A cold morning. The sun about to rise. The river almost motionless. The first bars zen-like. A meditation. A look at the present – the positive, the negative aspects. Incrementally melancholy creeps into the melody. The inevitable look back. The look forward. Forced optimism. Life has to go on, but it feels like dancing with a reluctant partner. The first three of Franz Schubert’s “Moments Musicaux”, D.780 grant us a look into the composer’s soul and testify of his musical genius. Schubert managed to achieve maximal expressiveness with minimal means: lean melodies, a subtle play with dissonance to introduce the languishing moment, the slight flicker of pain, the heavy sigh.
The fourth piece is more dynamic, quick-paced, more forceful, but the melancholic look back seems to remain an obstacle to real progress, to overcome paralysis. The fifth “musical moment” is the long-awaited breakthrough. Schubert’s melody has a distinctly clear and light-hearted allure. It lasts only two minutes and comes to an brutal stop – the contrast to the beginning of the slow last piece is radical. Its detachedness is like a purification – a look into the rising sun, a warm feeling of contentment, the mind has come to a rest, and thus Schubert concludes this cycle with a return to the spirit of the first piece. The cycle of emotions, the cycle of life: innocence, regret and fear, the power of will, the fight against adversity, overcoming life’s difficult moments, peace finally.
The Portuguese pianist Maria Joao Pires has a long-standing affinity for Schubert’s piano music and developed a great sensitivity for Schubert’s ability to translate emotions into notes and melodies. She certainly is one of my favourite pianists and I should recommend her recording of the “Moments Musicaux”.

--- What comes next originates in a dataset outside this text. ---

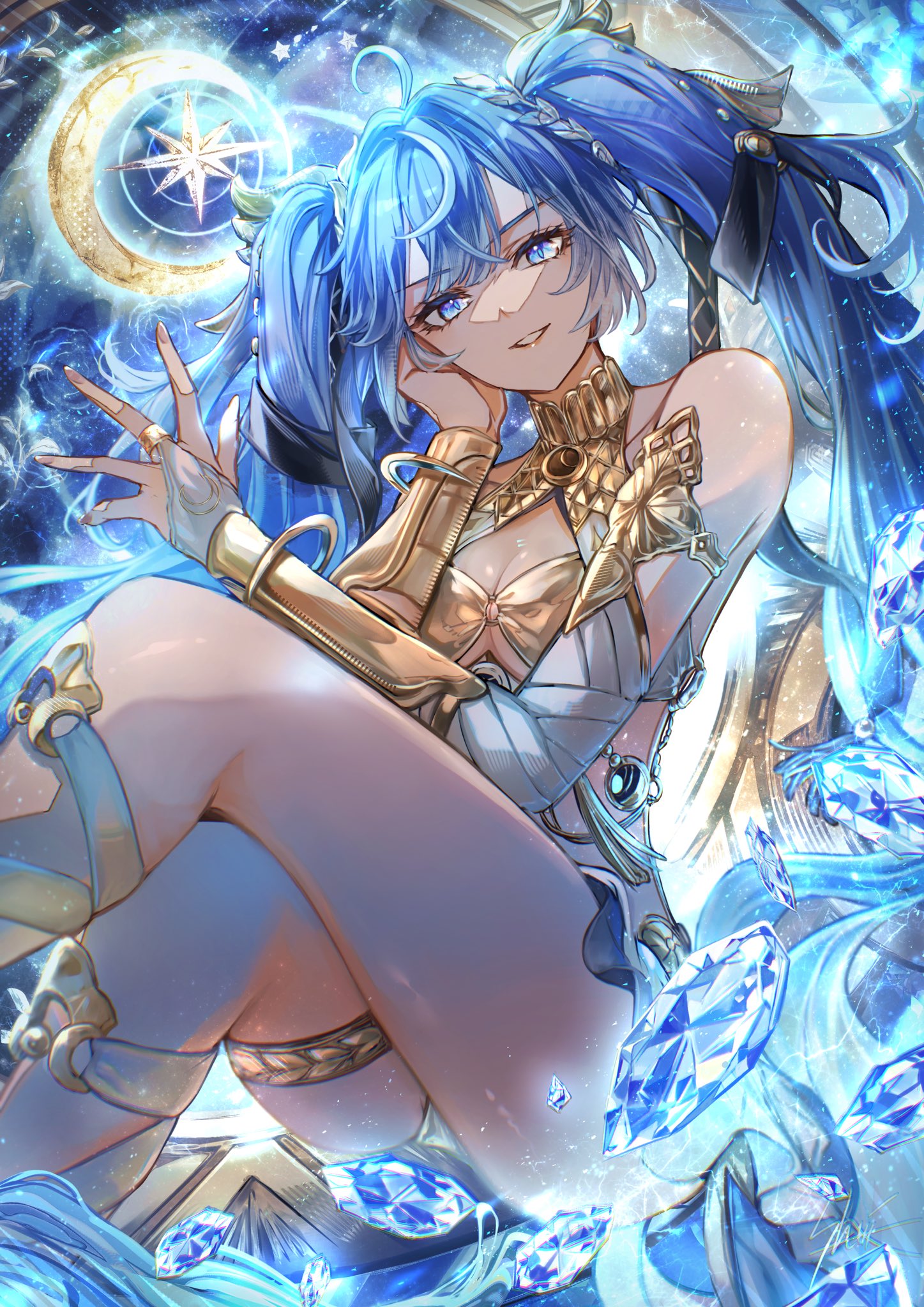 1girlahogearmletbare shouldersblue eyesblue hairbreastsbridal gauntletscleavagecrystalfeet out of framegold brahair beltjewelrylaurel crownlong hairlooking at viewermedium breastsmulticolored hairparted lipssingle bridal gauntletsittingsmilesolostreaked hairthighletthighstwintailsvery long hairwhite bridal gauntlets

Schubert wrote the six pieces between 1823 and 1827. The title wasn’t coined by the composer, but by the publisher in 1828 at a time when Schubert was, as the scholar Blair Johnston puts it, “fighting a losing battle for his very life”. Some have deemed the title inappropriate, since several pieces last more than five minutes and would hardly qualify as moments. However this discussion seems rather academical to me once you consider the double meaning of the word “moment”: It can express a specific i.e. short duration in time or a specific period in man’s life, regardless of its duration.
Considering the different emotional expressions of the pieces, the publisher, well aware of the prevalent Romantic mood in Germany and the Austrian-Hungarian Empire, may well have known what he was doing. He was a salesman, and Schubert would probably not have cared. Such things would have appeared to him most trivial in the light of the emotional depth of his music.